On 17/03/26 at 01:20 +0200, Peter Pentchev wrote:
> On Mon, Mar 16, 2026 at 07:37:28PM +0100, Fabian Grünbichler wrote:
> [snip]
> > IIRC, in the haskell team, the tag signifies "this package has been uploaded
> > and ACCEPTed"...
> 
> FWIW, until very recently I did something similar for all of my packages:
> I pushed the commit as soon as I got the "ACCEPTED" message, then I waited
> until the next day when my nearest mirror would catch up with unstable,
> download the source package, diff it, and if everything was fine, only
> then would I push the tag to the Git repo. Right now, this means that
> there are a couple of my packages for which debaudit reports that
> it could not find the Debian upload tag - because it was not there soon
> after the package was accepted into the archive, it was only pushed
> many hours later :)
> 
> Now I'm not saying that debaudit is wrong there, I mean, there might be
> valid reasons for other people (who run e.g. `debcheckout` soon after
> the new version is uploaded) to expect the tag to be there.

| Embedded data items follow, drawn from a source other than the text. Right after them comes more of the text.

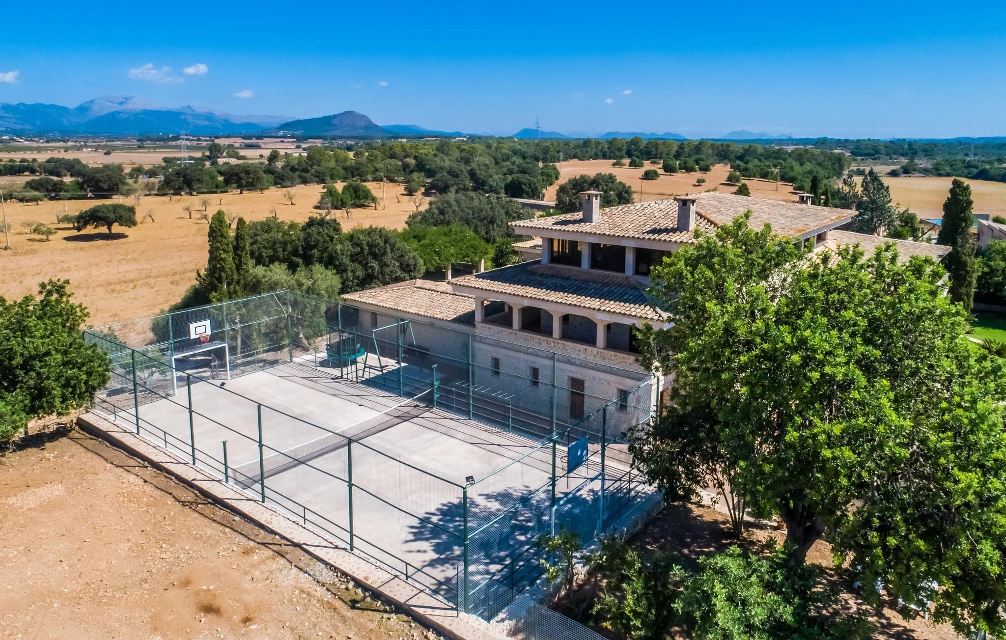 In „Son Tomasset“, einer beeindruckenden, mehrstöckigen, ländlichen Villa mit dem Tramuntana-Gebirge im Hintergrund, wohnen Sie in einem gut geschützten Anwesen auf 36 ha Grundstück mit weitläufigen Rasenflächen, Orangenbäumen, einem Pool und einem Außenbad . Ihr Ferienhaus verfügt außerdem über zahlreiche Terrassen, die auf allen Ebenen eine hervorragende Aussicht bieten. Das rustikale Anwesen liegt 1,5 km vom Dorf Costitx entfernt und verfügt über ausreichend Parkplätze für mehrere Fahrzeuge. Von der spektakulär ausgestatteten Terrasse gelangt man in einen wunderschönen Garten mit Pool, umgeben von bequemen Sonnenliegen – hier können Sie Momente purer Entspannung genießen! Am anderen Ende der Terrasse finden Sie eine Veranda mit Tischtennisplatte und Blick auf die Landschaft und den Berg Serra de Tramuntana.
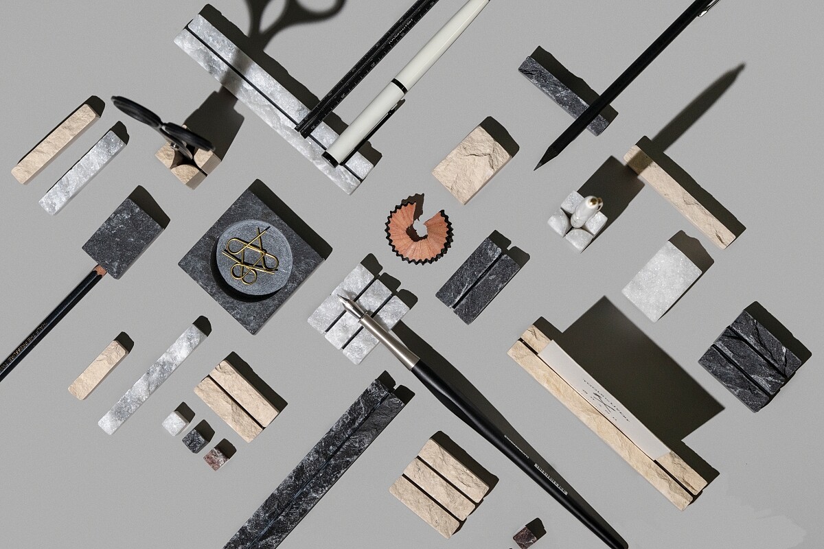 同達大理石探索大理石的紋理與結構超過五十年,擁有豐富的專業加工技術,T22花蓮聯名計畫「期望改變書桌上的風景」為名的生活風格品牌禮拜文房具合作,再邀請近年活躍於各大國外設計品牌 NAKNAK 聯手,推出「MARBLESCAPE」(marble + landscape之意) 筆座、名片座、削筆器及磁鐵系列作品,同時也是禮拜文房具10週年慶的合作新品。保留原石的自然面,以最小幅度的機械加工,將大理石原始質地的美感融入一系列文具之中,無論單獨個體或是彼此層疊,都將成為書桌上即手可得的花蓮美景。
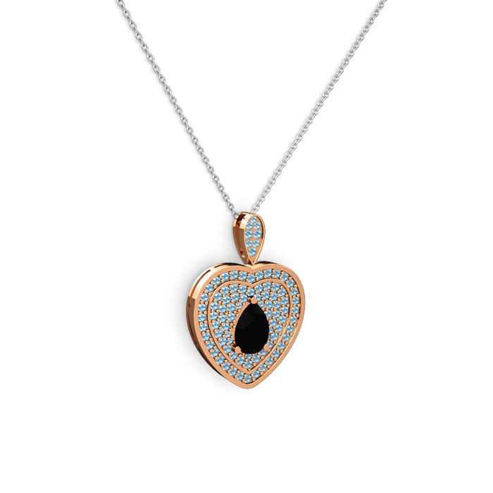 Siyah zirkon ve akuamarin 925 ayar rose altın kaplama gümüş kolye (40 cm gümüş rolo zincir)
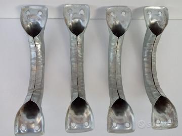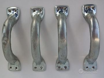 4 maniglie vecchie per porte di casa o mobili. Sono in lamierino di ferro, vuote all'interno, molto leggere ma comunque solide. Possono essere posizionate sia in orizzontale per cassetti o in verticale per porte.

I'm just
> saying this is something that can happen in various workflows.
> 
> These days, if more people use tag2upload, of course that means
> the tag will be there way before the package is accepted. However,
> in various teams and in various people's personal workflows, there are
> many different situations, many quirks, and some of them are not
> outright wrong :)

Hi Peter,

That workflow (tagging manually after acceptance) should no longer be a
problem with debaudit. debaudit now retries to find the relevant tag for
15 days after the initial problem was discovered, so it will eventually
catch the tag.

Also I recently added
https://debaudit.debian.net/git2dsc/regressions/history/sid which will
allow to track such (temporary?) regressions in sid. A notification or
bug reporting service could easily be built on top of this data (for
uploads where the tag used to be available, but isn't for the most
recent upload, even after letting a few days pass).